MedTech Europe, the trade association representing the medical technology industries, has reiterated calls for the EU to delay the implementation of the In Vitro Diagnostics Regulation (IVDR) (EU) (2017/746).
In July, the trade association called for a delay in the implementation of the IVDR, which is set to come into force on 26 May 2022.
MedTech Europe (correctly in our view) noted that the practical deadline for infrastructure to be fully established was 2020. In reality, manufacturers must commence the conformity assessment by the start of 2021 in order to achieve the May 2022 deadline. Most stakeholders are of the view that this unachievable and is likely to result in “catastrophic disruption”.
MedTech Europe highlighted a litany of gaps in the infrastructure, including the lack of Notified Bodies, EU reference laboratories, Common Specifications and implementation guidance from the MDCG (which has only recently been published).

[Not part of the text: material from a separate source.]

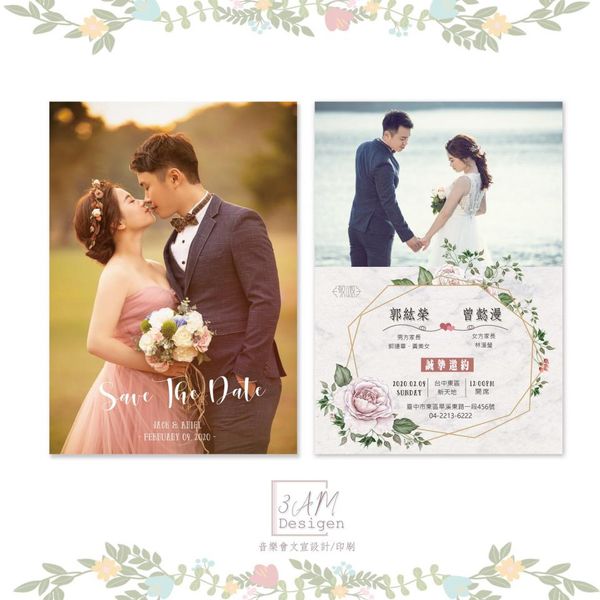 將婚紗照與花卉元素結合,是許多新人希望在婚禮邀請卡中表達個人故事的方式,這樣的設計可以展現雙方的愛情與承諾,並讓賓客感受到新人的喜悅。下圖中的喜帖範例完美地將婚紗照融入到卡片設計中,搭配花卉圖案,既浪漫又具有紀念意義,讓每一位收到邀請的賓客都能感受到新人的幸福。

If anything, delaying the implementation of the Medical Devices Regulation (MDR) (EU) (2017/745) by 12 month will likely compound problems.

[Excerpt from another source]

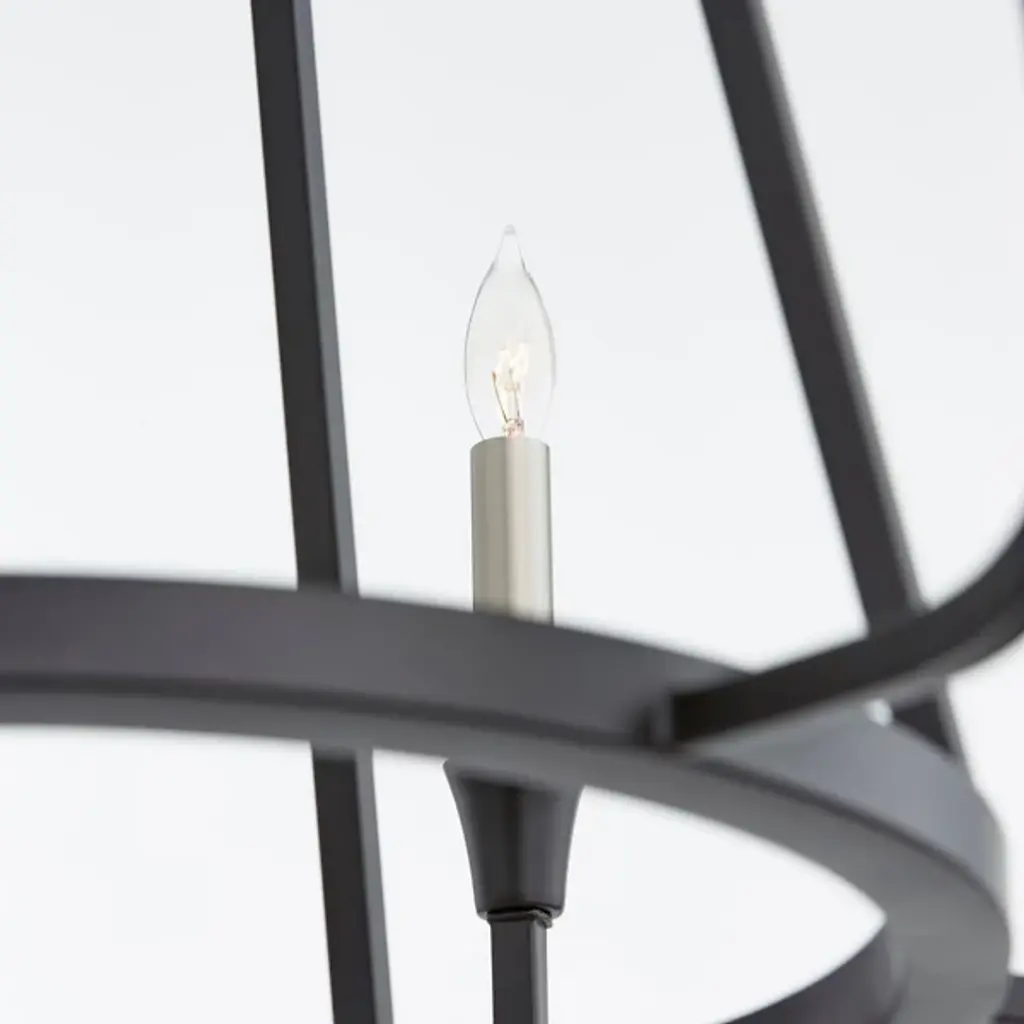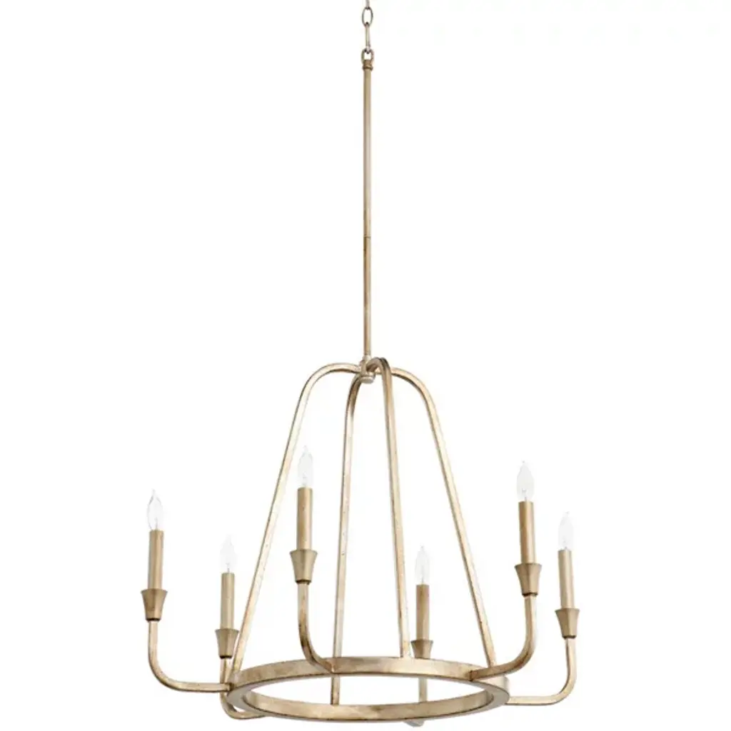 A graceful piece that stands out in the home. The Marquee Chandelier from Quorum International uses smooth metal to form an appealing silhouette. Hanging from the ceiling by a simple chainlink and downrod combination, this piece features several thin metal lines that gently curve. A ring base sprouts a set of arms that each lead to a candelabra-style bulb. The light from the bulbs is bright and even, creating a welcoming display throughout the room.

“Since most authorities and several notified bodies are shared between MDR and IVDR, the reduction of the timeframe between the implementation of MDR and IVDR amplifies the already existing bottleneck in resources”.
In November, MedTech repeated the concerns set out in the paper published in July. They specifically note that approximately 45,000 in vitro diagnostics (IVDs) require certification before the regulation comes into force in May 2022 and that there were currently only four designated Notified Bodies to handle this Tsunami. We note that this number has briefly increased to five Notified Bodies but as things stand will drop back to four following the end of the Brexit transition period.